His few elements of twisted stand-up channel Tony Law, to whom he bears some physical resemblance, and there are some of the more playful elements of Doctor Brown in his engagement with the audience; especially the opening business with a tiny plastic hand.
After that, Currie emerges on to the stage, in stylish three-piece suit, that’s just a couple of sizes too small. There’s an elegance, too, to the stage design, an old-fashioned valve wireless and wind-up gramophone give the appearance of a post-Edwardian drawing room. They had to make their own entertainment then, but nothing like this.
Currie’s hour is a barrage of non-sequitur set pieces incorporating, mime, props, puppetry, poetry, interaction and sporadic stand-up. It can be a bit noisy, both in actual volume and in the tone, with lots of random ideas scrambling for space.

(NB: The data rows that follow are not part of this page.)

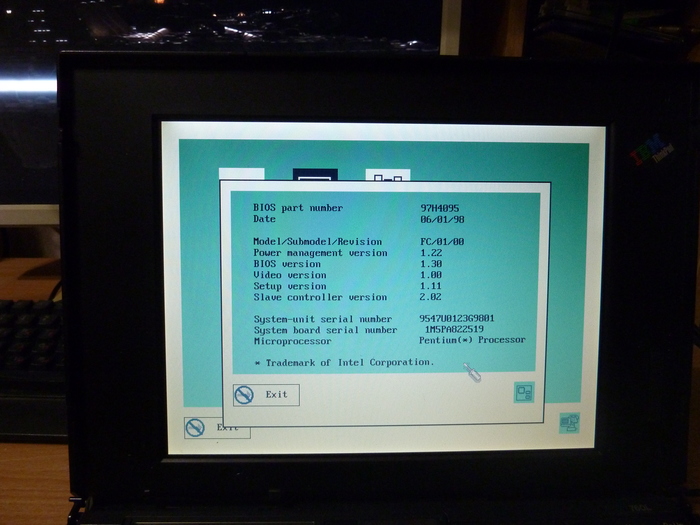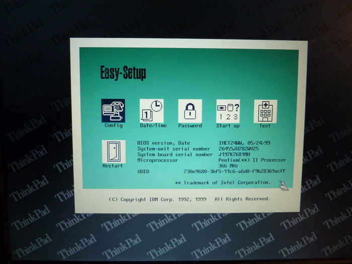 BIOS датируется 1998 годом, имеет вполне стандартный функционал Thinkpad'ов тех времен.
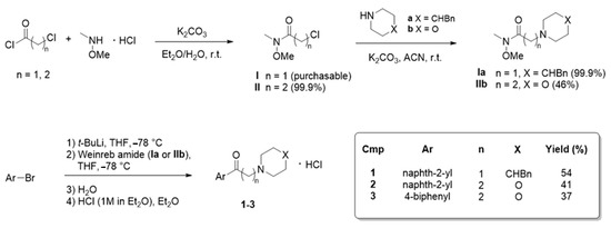 Compounds 1–3 were prepared following the procedure reported in our previous publication, with slight modifications [45]. Overall, the synthetic strategy is based on the Weinreb ketone synthesis, as shown in Scheme 2.
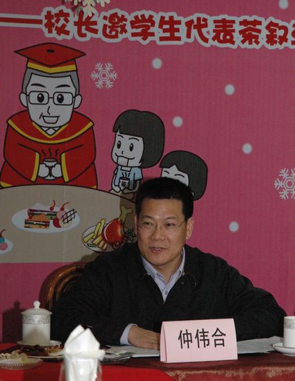 仲伟合首先表示,校长与学生代表茶叙活动自创办以来,受到学校领导和学校各单位高度重视,已成为颇具我校特色的民主管理方式,并深受同学们的欢迎和支持。他对今天来参加茶叙活动的同学们表示热烈的欢迎,并感谢同学们牺牲宝贵的期末复习时间来为学校教育事业的科学发展建言献策。
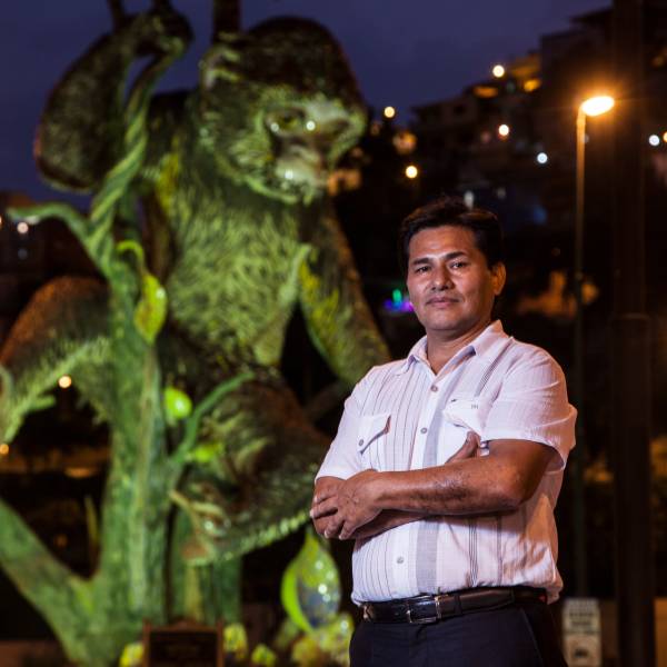 Juan Sánchez Andrade, de 52 años, es artista plástico, oriundo de Cotacachi (Imbabura) y autor de reconocidas esculturas, como la iguana de Urdesa (Aventura Plaza, en las avenidas Las Monjas y Carlos Julio Arosemena), la del papagayo de la Alborada (entre el City Mall y la Rotonda), la del Mono Machín al pie de los túneles de los cerros Santa Ana y Del Carmen, la Piña en la entrada de Milagro, el Maíz en Manabí, las Garzas y Gallos de Pelea en Samborondón, entre otras.
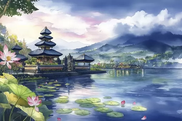 Poster Isla indonesia, templo, budismo, naturaleza tropical, estilo acuarela f44148
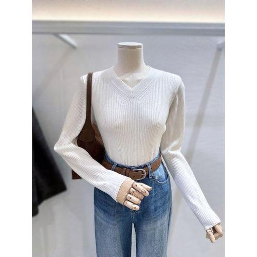 갤러리아_[LAP]브이넥 소매단추 슬림니트 (AR4KHA61)
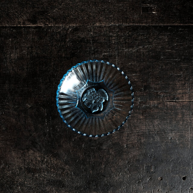 アイスクリームを乗せたくる◆桃と葡萄。プレスガラス小鉢 アンティーク 古民家 古道具 骨董/antique 昭和初期
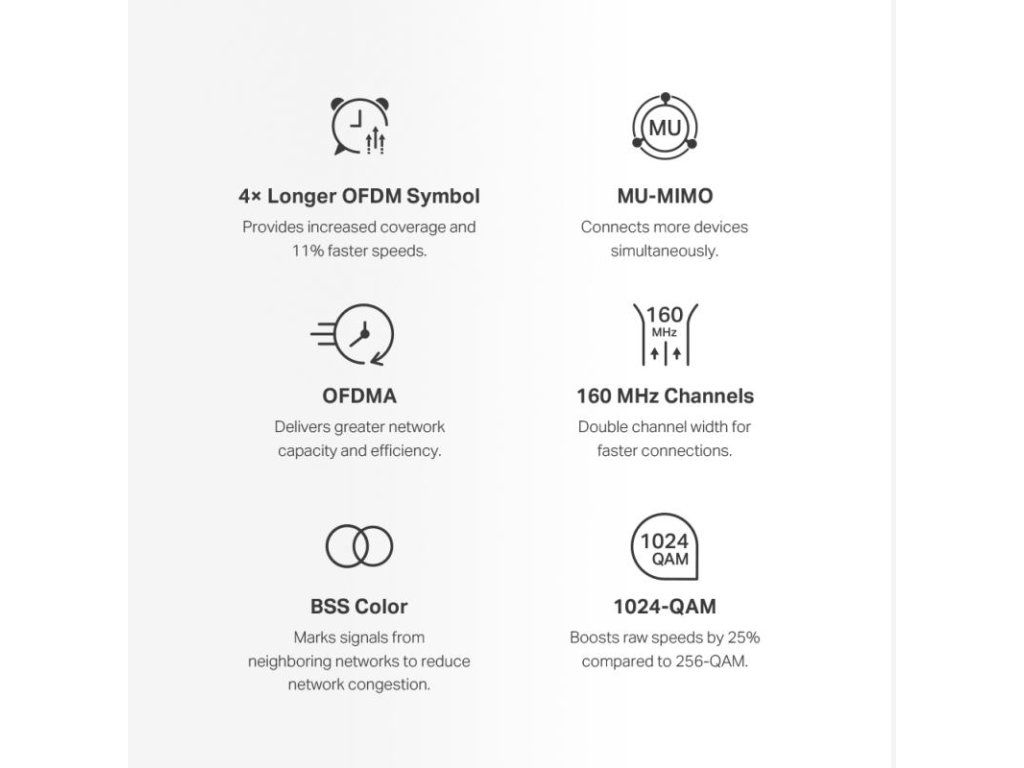 Dual Band WiFi 6 rýchlosť až 3000 Mbps - 2402 Mbps na 5 GHz a 574 Mbps na 2,4 GHz.

Sometimes it works brilliantly. The mime to A-ha’s Take On Me is like a weird puppet version of the Bohemian Rhapsody scene from Wayne’s Word; the introductory speech to Hart to Hart hilarious for the control Currie must conjure to hold his pose. In fact, Currie’s commitment to the weirdness is faultless – like a proper maniac – and the show is never less than skillfully crafted and intensely performed.
But other scenes outstay their welcome – I’m looking at you, the guy from the Cash Republic (next to the Czech one, geddit?). Currie likes to test the audience a bit, in the hope that a laugh will come to puncture the awkwardness. Sometimes it does.
I was slightly spoiled by this show for having seen John Kearns’s excellent offering Sight Gags For Perverts first. For Kearns has put personal heart and context to his award-nominated odd pieces; while Currie’s hour is unapologetically just one weird scene after another – and the difference is marked.
The Sticky Bivouac does, indeed, go through its sticky patches, but there are also moments of brilliantly funny madness in the mix. But if you do go, ignore the ushers’ pleas to sit in the front row unless you’re really prepared to be consumed in the messy childishness.